In news from Singapore, property prices there have continued to edge toward new highs. In the first quarter of 2011 residential property prices rose by as much as 2.1 percent even despite government measures to curtail prices.
The Urban Redevelopment Authority also reported prices climbing for seven straight quarters with an 18 percent increase last year. The Housing Development Board there added that even public housing, where most Singaporeans actually live, rose by 1.6 percent in Q1. Singapore, much like Hong Kong and China, has attempted to slow the property market, but to little effect. While the Q1 increases appear to indicate some slowing, prices are still near all time record highs.
A report earlier this week from Jones Lang LaSalle suggests spillover from China has caused the rally in Singapore prices. At the beginning of the year the government of Singapore introduced new anti-speculation measures like tougher borrowing limits to try and curb this rather mercuric rise in prices. The cost of buying and owning a home in Singapore has now become a huge political football as well.

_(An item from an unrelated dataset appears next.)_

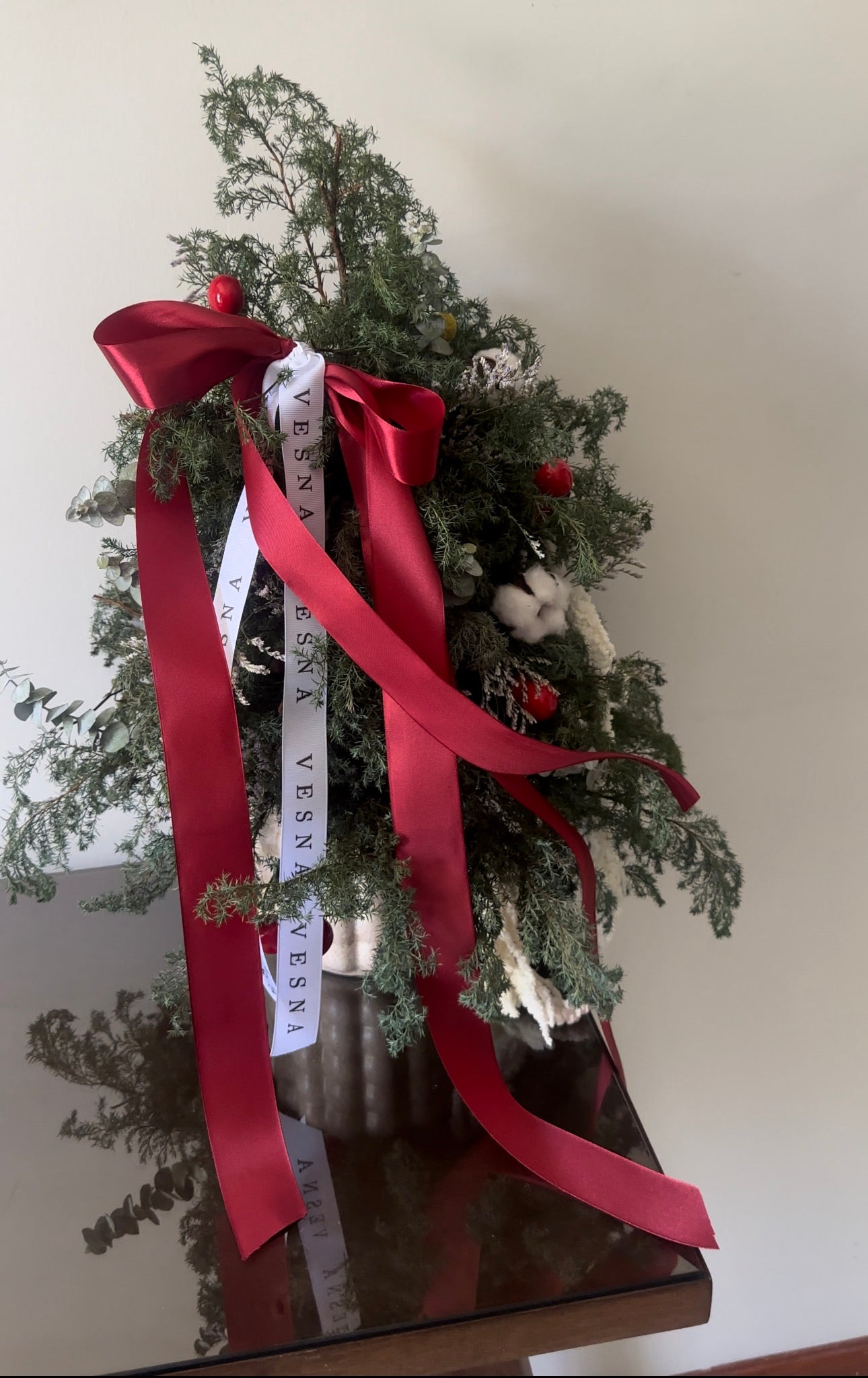 Inspirado en la magia de un bosque nevado, este arreglo fusiona verdes profundos, frutos rojos y texturas suaves que evocan la temporada. Su moño rojo intenso crea un contraste vibrante que llama la atención desde cualquier ángulo. Una pieza cálida, elegante y perfecta para ambientar espacios especiales durante diciembre.

Private home prices these last few quarters have gone from a price jump of 5.6 % in Q1 of 2010 to a 5.3 % gain in Q2, and onward to Q1 2011 of 2.1 %. There has been a steady decline in the rate increase, but the growth is still astounding. The good news for Singapore citizens is, many there may still be able to afford homes if the predicted salary increases across the country come true. Some employers say pay raises of up to 8 percent are in the offing.